Find the derivative of the function y(x)=c^x+x^c. Assume that c is a constant.
y(x)=c^x+x^c
=y'(x)=x*c+2x
=y'(x)=cx+2x
We have c^x, not c*x
y' = c^x ln c + cx^(c-1)
= c^x (ln c + c/x)
To find the derivative of the function y(x) = c^x + x^c, we can differentiate each term separately using the rules of differentiation.
First, let's differentiate the term c^x. Recall that the derivative of a constant raised to a variable power is given by the formula (d/dx) (a^x) = (ln(a)) * (a^x), where ln(a) is the natural logarithm of a.
So, applying this rule, the derivative of c^x with respect to x is: (d/dx) (c^x) = (ln(c)) * (c^x).
Next, let's differentiate the term x^c. When the base is a variable and the exponent is a constant, we can use the power rule, which states that (d/dx) (x^n) = n * x^(n-1).
Using the power rule, the derivative of x^c with respect to x is: (d/dx) (x^c) = c * x^(c-1).
Finally, to find the derivative of the entire function y(x) = c^x + x^c, we sum up the derivatives of each term: (d/dx) (y(x)) = (d/dx) (c^x) + (d/dx) (x^c).
Substituting the derivatives we found earlier, the final derivative is: (d/dx) (y(x)) = (ln(c)) * (c^x) + c * x^(c-1).

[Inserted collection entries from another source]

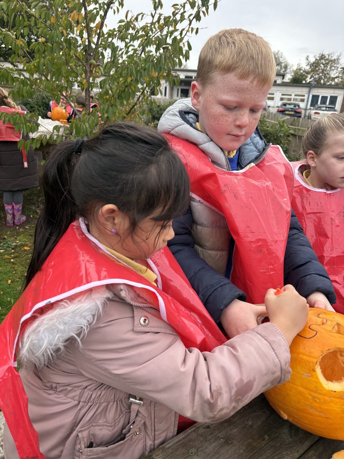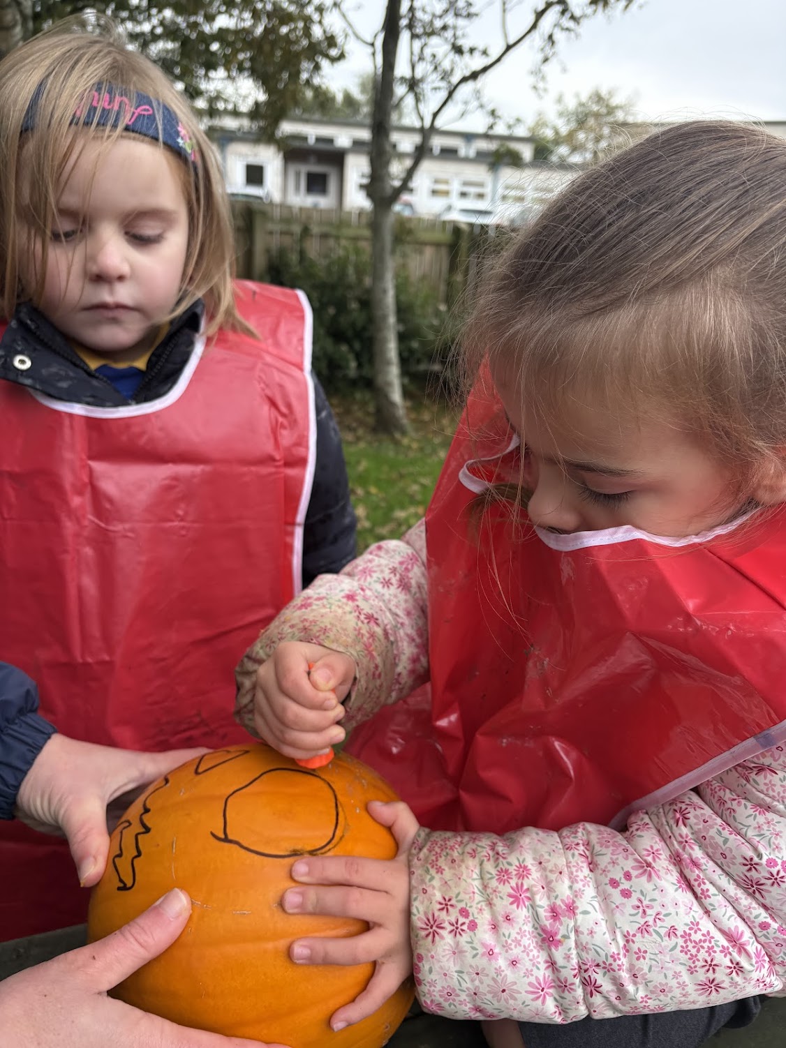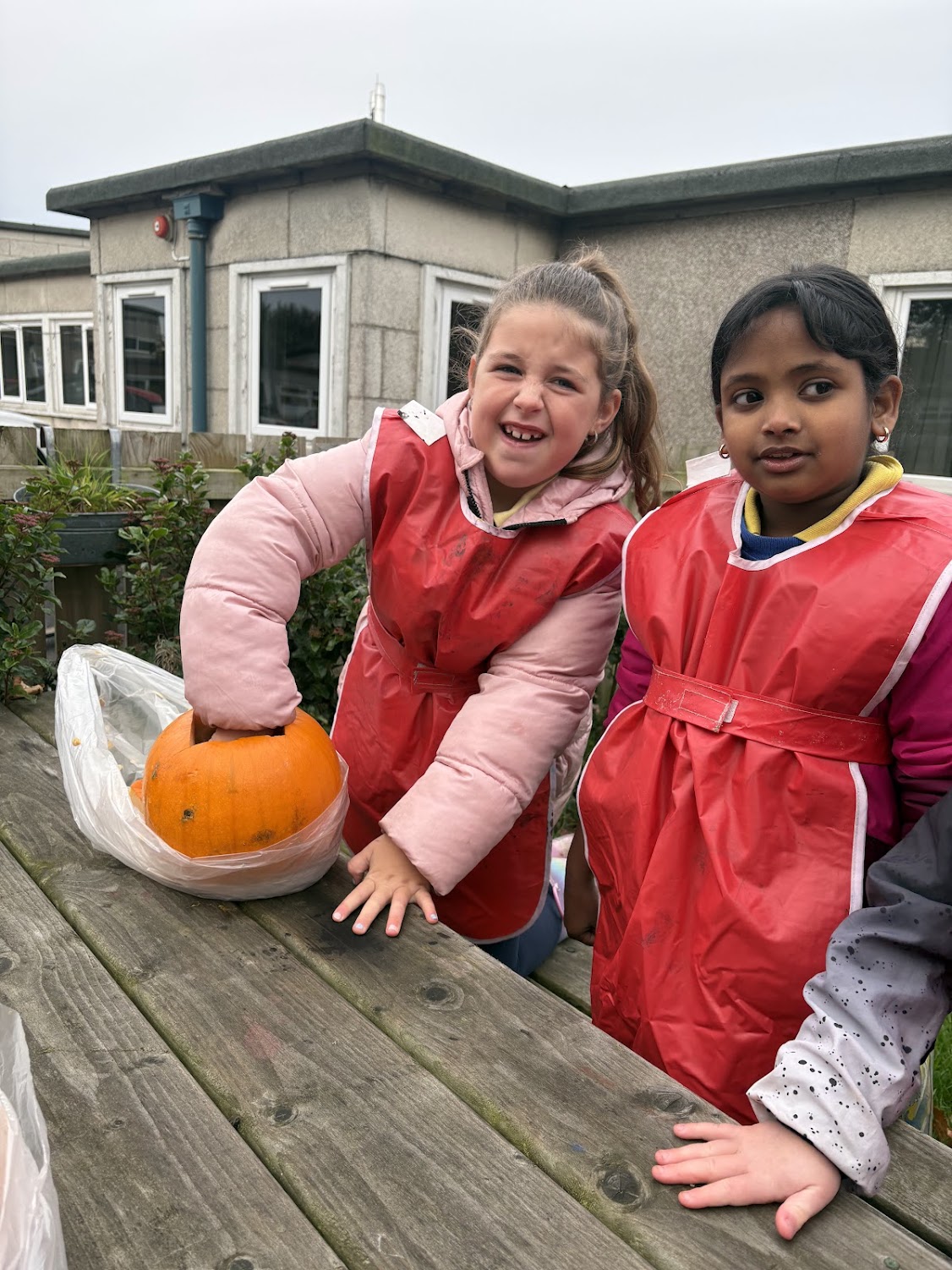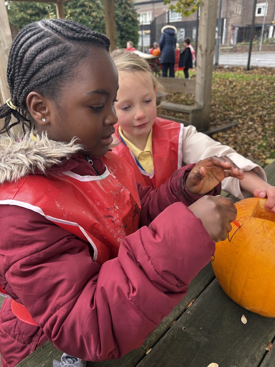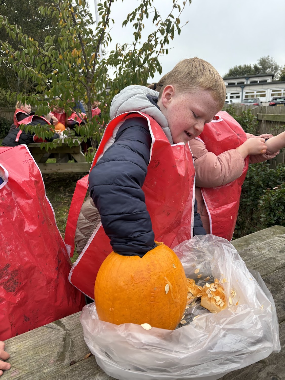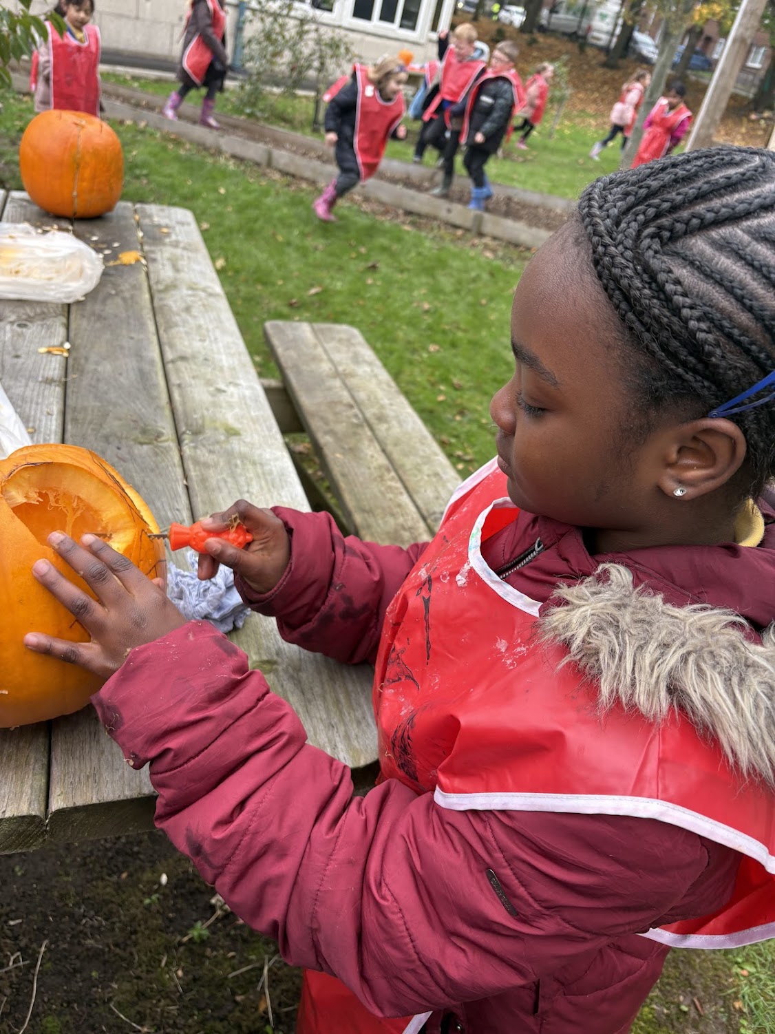 Then we drew our design onto the front of our pumpkin, before scooping out the pumpkin guts! 🥴 Finally, we very carefully used our pumpkin carving knife to cut out the shapes to create our faces! 🤩
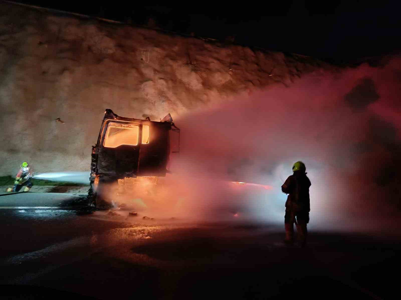 Balıkesir’de kauçuk yüklü tır alev alev yandı
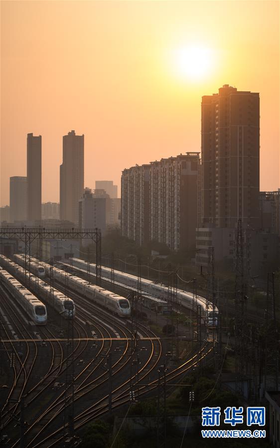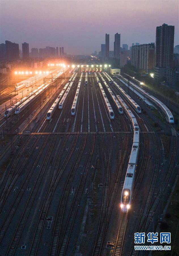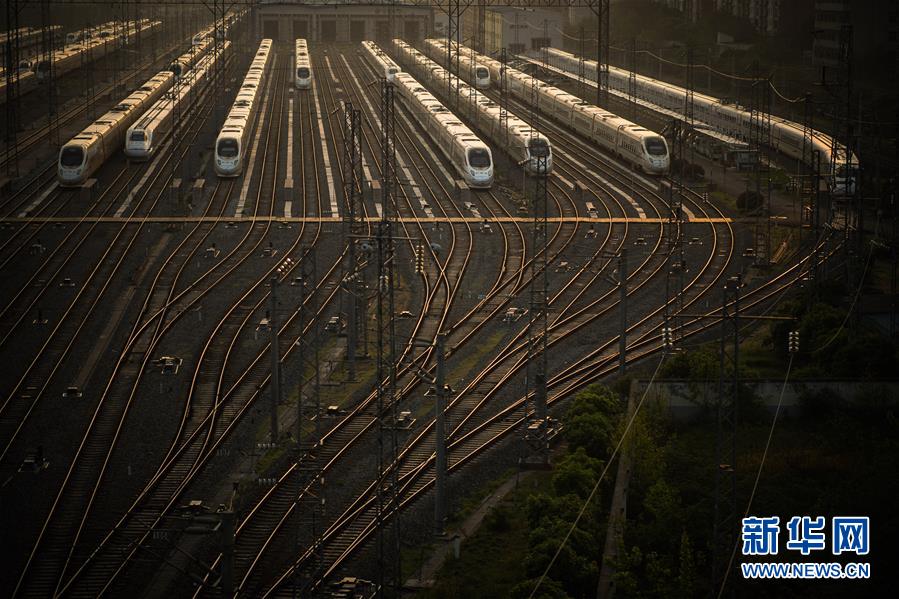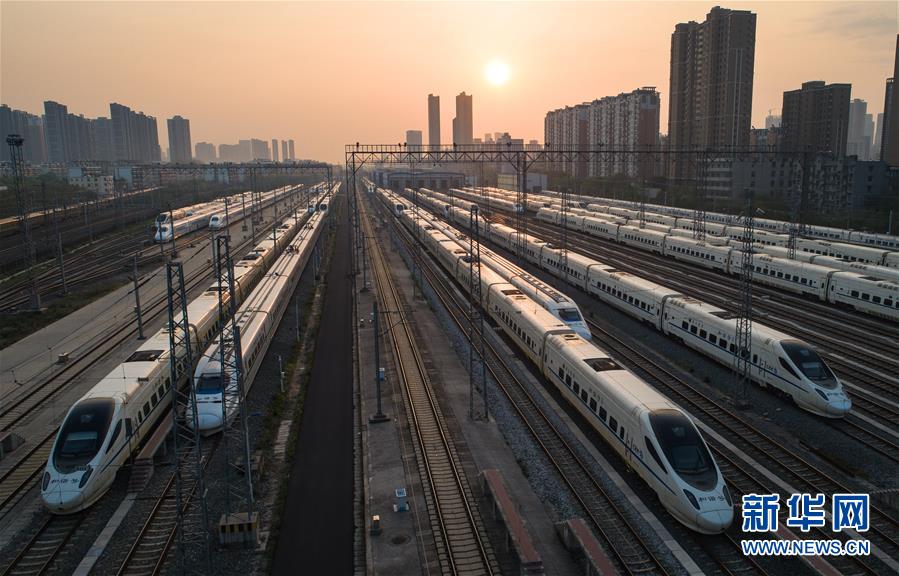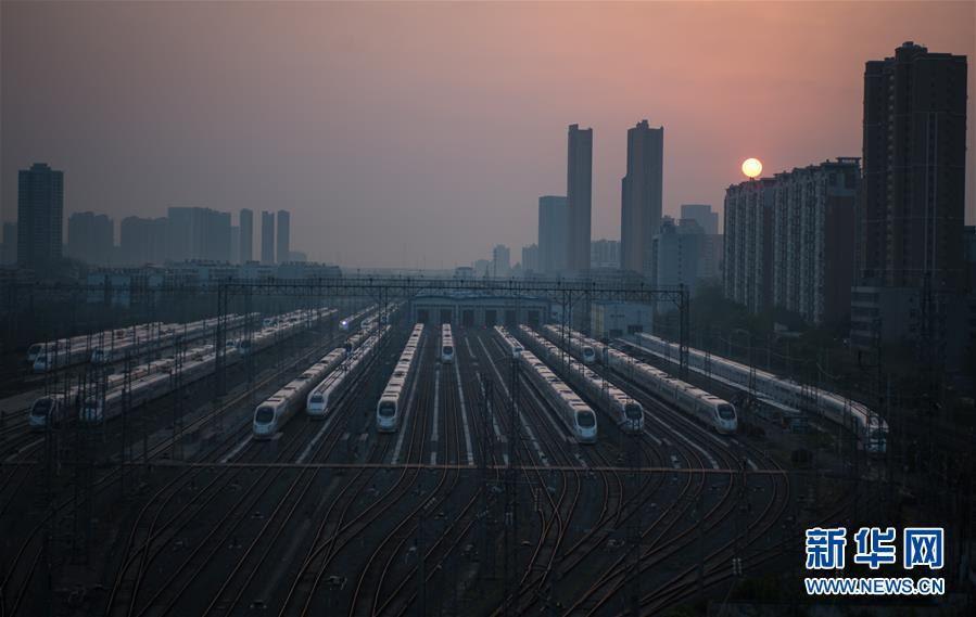 4月8日,在武漢動(dòng)車(chē)段,列車(chē)??吭诖孳?chē)線上準(zhǔn)備投入運(yùn)行。 新華社記者 肖藝九 攝
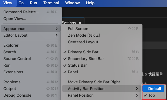 目前默认是放在顶部,如果您想要切换至侧边展示,只需在顶栏配置:外观 → 活动栏位置 → 默认。这样可以根据您的使用习惯自由调整界面布局。

Therefore, the derivative of the function y(x) = c^x + x^c is (ln(c)) * (c^x) + c * x^(c-1).
To find the derivative of the function y(x) = c^x + x^c, where c is a constant, we can differentiate each term separately using the rules of differentiation.
First, let's differentiate the term c^x. Since c is a constant, we can treat it as such and apply the power rule of differentiation.
The power rule states that if we have a function of the form f(x) = a^x, where a is a constant, the derivative is given by:
f'(x) = ln(a) * a^x
In our case, we have c^x, and the derivative will be:
d/dx [c^x] = ln(c) * c^x
Next, let's differentiate the term x^c. Now, we need to use the chain rule because the base is no longer a constant. The chain rule states that if we have a function of the form f(g(x)), the derivative is given by:
[f(g(x))]' = f'(g(x)) * g'(x)
In our case, f(g(x)) is x^c, and g(x) is x. Let's apply the chain rule:
[f(g(x))]' = c * x^(c-1) * 1
= c * x^(c-1)
Combining the derivatives of both terms, the derivative of y(x) = c^x + x^c is:
y'(x) = ln(c) * c^x + c * x^(c-1)
So, the derivative of the function y(x) = c^x + x^c is ln(c) * c^x + c * x^(c-1).